L'intera comunità, appresa la notizia del trasferimento,
annunciata durante la solenne funzione religiosa
dell'Epifania, si è subito adoperata nella sottoscrizione.
Contattati i vertici dell'Abbazia, i fedeli hanno appreso
che l'Abate non era disposto a riceverli, in quanto
impegnato in un lungo ritiro. Senza perdersi d'animo hanno
chiesto un ulteriore appuntamento che è stato fissato per il
27 Febbraio alle ore 10,30. In quella sede, i fedeli di
Mortola chiederanno all'Abate il perchè del trasferimento di
don Gabriele.
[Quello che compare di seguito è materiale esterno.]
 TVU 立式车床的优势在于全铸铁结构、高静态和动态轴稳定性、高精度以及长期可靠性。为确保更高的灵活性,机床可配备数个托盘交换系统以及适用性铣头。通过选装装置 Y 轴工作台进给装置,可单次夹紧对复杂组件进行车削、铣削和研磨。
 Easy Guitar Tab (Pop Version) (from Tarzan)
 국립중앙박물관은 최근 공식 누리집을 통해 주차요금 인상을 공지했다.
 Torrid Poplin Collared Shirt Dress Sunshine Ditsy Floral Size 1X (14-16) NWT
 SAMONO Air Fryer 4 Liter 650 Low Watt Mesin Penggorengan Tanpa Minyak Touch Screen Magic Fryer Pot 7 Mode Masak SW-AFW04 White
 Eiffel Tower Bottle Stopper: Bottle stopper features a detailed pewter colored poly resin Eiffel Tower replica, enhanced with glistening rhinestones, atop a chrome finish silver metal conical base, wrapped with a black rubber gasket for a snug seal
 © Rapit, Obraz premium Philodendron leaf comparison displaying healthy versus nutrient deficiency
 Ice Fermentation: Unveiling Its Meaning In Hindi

Una parte dei residenti, pur non avendo niente
contro il nuovo parroco, sono intenzionati a manifestare il
loro dissenso con un'unica finalità, ossia che padre
Gabriele resti parroco di Mortola, così come tanti altri
suoi colleghi sono parroci delle loro chiese da anni e anni.
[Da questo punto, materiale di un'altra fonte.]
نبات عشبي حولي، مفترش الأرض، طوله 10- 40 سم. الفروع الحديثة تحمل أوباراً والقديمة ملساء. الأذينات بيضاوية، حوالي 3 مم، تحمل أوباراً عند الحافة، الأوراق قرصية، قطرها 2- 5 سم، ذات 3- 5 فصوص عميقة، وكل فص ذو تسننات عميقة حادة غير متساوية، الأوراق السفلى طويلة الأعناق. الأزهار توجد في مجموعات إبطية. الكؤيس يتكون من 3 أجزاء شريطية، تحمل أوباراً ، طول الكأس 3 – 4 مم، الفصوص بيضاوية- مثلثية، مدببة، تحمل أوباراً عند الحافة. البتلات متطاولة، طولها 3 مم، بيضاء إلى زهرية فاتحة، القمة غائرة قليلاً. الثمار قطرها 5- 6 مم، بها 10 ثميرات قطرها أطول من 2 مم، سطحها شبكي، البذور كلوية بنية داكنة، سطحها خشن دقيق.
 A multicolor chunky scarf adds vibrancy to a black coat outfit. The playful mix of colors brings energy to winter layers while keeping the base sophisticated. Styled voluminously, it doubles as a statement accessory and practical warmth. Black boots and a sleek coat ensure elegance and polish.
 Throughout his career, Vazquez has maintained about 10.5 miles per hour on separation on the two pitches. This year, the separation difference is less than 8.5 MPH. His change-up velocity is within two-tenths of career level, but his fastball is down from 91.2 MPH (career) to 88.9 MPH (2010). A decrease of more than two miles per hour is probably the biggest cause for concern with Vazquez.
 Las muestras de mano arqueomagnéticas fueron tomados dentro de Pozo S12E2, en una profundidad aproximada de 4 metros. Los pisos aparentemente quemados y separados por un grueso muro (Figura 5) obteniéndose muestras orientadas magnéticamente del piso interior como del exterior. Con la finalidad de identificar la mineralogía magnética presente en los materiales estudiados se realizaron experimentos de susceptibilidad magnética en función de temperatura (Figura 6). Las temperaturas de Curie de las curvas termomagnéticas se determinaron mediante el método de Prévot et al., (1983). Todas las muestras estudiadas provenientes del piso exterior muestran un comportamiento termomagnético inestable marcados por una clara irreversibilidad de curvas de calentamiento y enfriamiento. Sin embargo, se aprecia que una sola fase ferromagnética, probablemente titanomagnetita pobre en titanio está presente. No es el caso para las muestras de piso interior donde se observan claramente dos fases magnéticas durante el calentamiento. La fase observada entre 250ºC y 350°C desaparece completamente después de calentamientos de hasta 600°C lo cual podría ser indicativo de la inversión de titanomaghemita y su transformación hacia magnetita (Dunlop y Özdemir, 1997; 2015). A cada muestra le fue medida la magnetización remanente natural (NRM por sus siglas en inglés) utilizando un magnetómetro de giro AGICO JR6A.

L'operato di padre Gabriele espletato in maniera corretta e
quotidiana ha contribuito alla crescita spirituale di grandi
e piccini. La sua parola annunciata nel nome del Signore ha
raggiunto intere famiglie, che hanno potuto contare sulla
disponibilità di un prete, ma anche di un amico. I firmatari
della petizione si aspettano che l'Abate prenda a cuore la
situazione e ritorni sui suoi passi, facendo restare a
Mortola padre Gabriele, così come vogliono i suoi fedeli.
Nell'eventualità che l'Abate Vittorelli resti sordo alle
suppliche di quanti chiedono con insistenza che padre
Gabriele resti con loro, si troverà a fronteggiare un gregge
di pecore che non si porterà nella chiesa di Mortola, ma
bensì a Montecassino a protestare, nel nome di un diritto
divino che anche le comunità devono avere, non solo i
prelati.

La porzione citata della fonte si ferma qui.